Жаль только, что оно никогда больше не повторится… никогда…
Сон нехотя отступал. Он медлил и кружил на одном месте, словно раздумавший нападать на уже выбранную жертву хищник. Лисе казалось, что у сна есть длинный полосатый хвост, и он недовольно хлещет им себя по бокам. Уже просыпаясь, она вдруг ощутила, как болит налившаяся за ночь грудь. Прибывавшее молоко, понемногу, тонкими струйками сочилось наружу. Насквозь пропитав предусмотрительно подложенное полотенце, оно медленно растекаясь куда-то вправо — под правый бок спящей женщины и за её спину. Только сейчас Лиса почувствовала, что лежит в безнадежно отсыревшей постели. Сил оторваться от подушки и отодвинуться в сторону, туда, где посуше, или просто перевернуться на другой бок — не было совершенно.

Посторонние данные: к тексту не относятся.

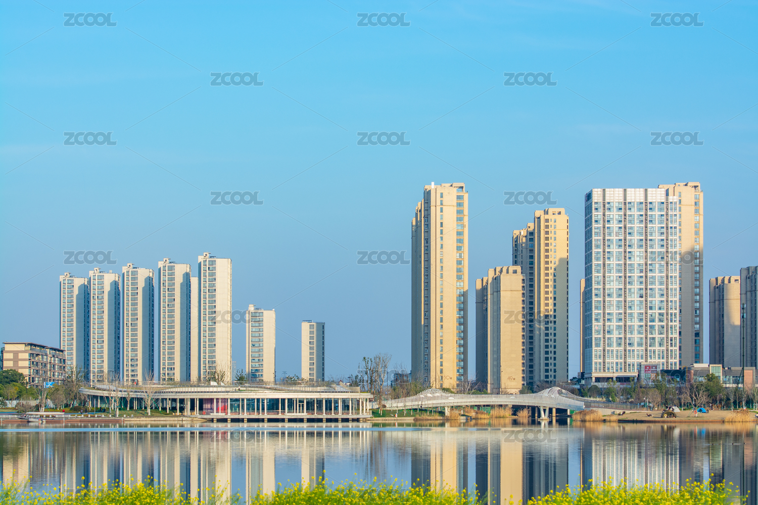 浙江杭州钱塘区大江东东沙湖公园畔建筑风景
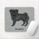 Black Pug Cute Cartoon Dog With Custom Name Gray Mouse Pad
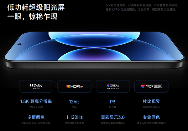 这块屏幕的分辨率为2656×1220,支持1-120Hz LTPO可变刷新率和自适应刷新率Pro,基于小米CMF 2015进行校准,默认色彩风格为专业原色,同时取消了鲜艳和高级模式选项。
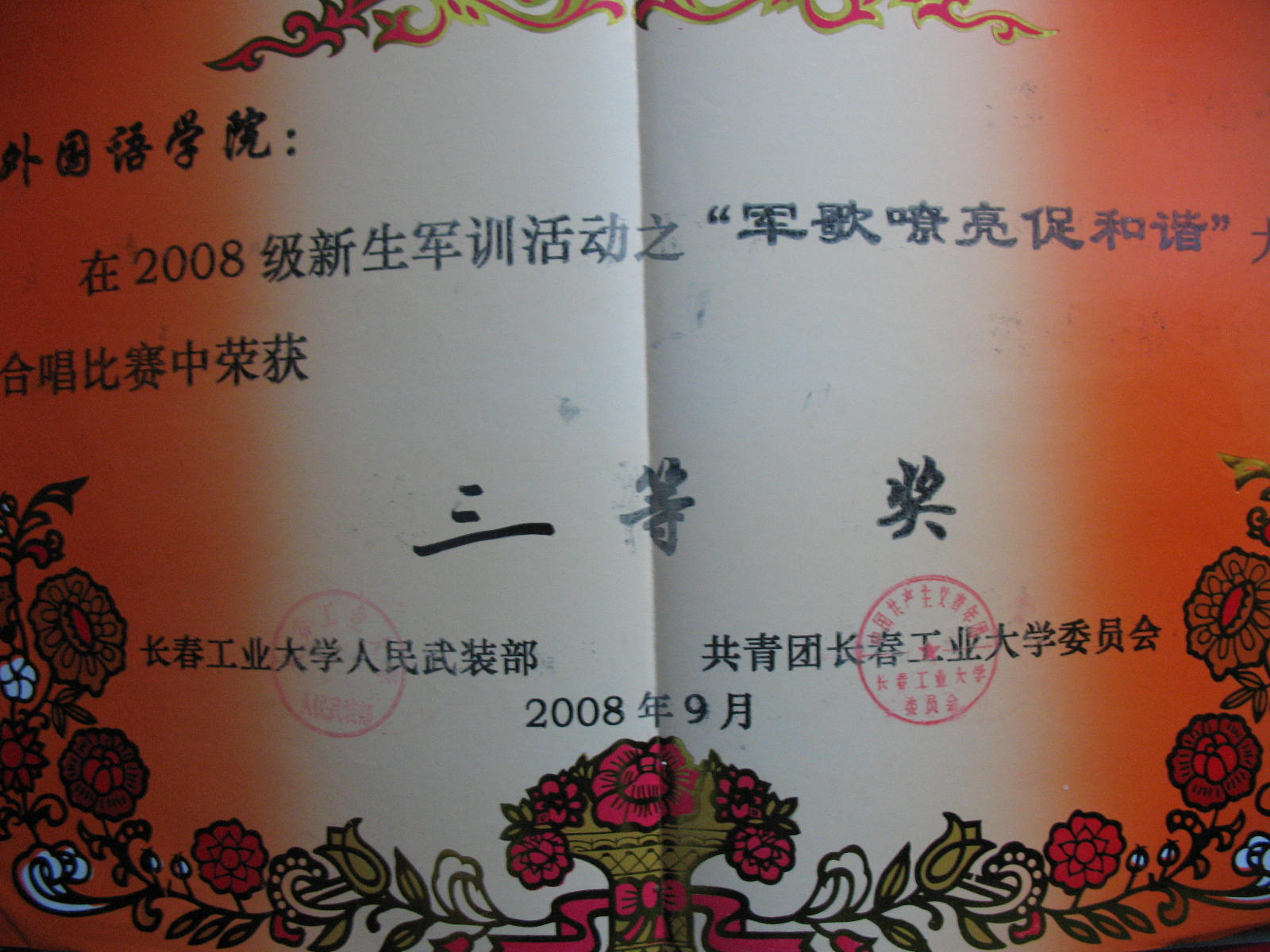 获得08级新生 军训活动之“军歌嘹亮促和谐”歌咏比赛三等奖。

Окинув сумеречную комнату невидящим взглядом, Лиса глухо простонала и, в надежде уснуть, еще раз плотно закрыла глаза, но отчаяние, с которым смертельно уставший организм цеплялся за последние ускользающие мгновения отдыха, уже посеяло где-то в глубине её сознания какие-то неясные смутные страхи, почти панику. Кровь вдруг гулко застучала в висках, а по спине пробежал ледяной озноб. Вздрогнув, Лиса снова открыла глаза, вскочила, ошалело закрутила головой, но тут же присела от острой, отдающей в подмышки рези. Интуиция, не смотря на болевой приступ, не подвела. Инстинктивно, каким-то наитием, Лиса определила, что источник её ночного беспокойства находится где-то рядом, во дворе. Там, в зажатом стенами многоэтажек дворике, происходило что-то нехорошее и непонятное; что-то такое, отчего её сердце сорвалось с привычного ритма и забилось часто и тревожно. Превозмогая болевой приступ, Лиса всё же поднялась, машинально нашарила тапочки, торопливо сунула в них ноги и, придерживая саднящую грудь, устремилась к окну. Прижавшись лбом к холодному выстуженному стеклу и постепенно привыкая к нечетким предрассветным очертаниям, она попыталась разглядеть причину неясной тревоги, однако различить что-либо, кроме знакомых с детства тополя, ещё не спиленной на дрова пушистой ёлки, да древней облупившейся скамейки, так и не смогла.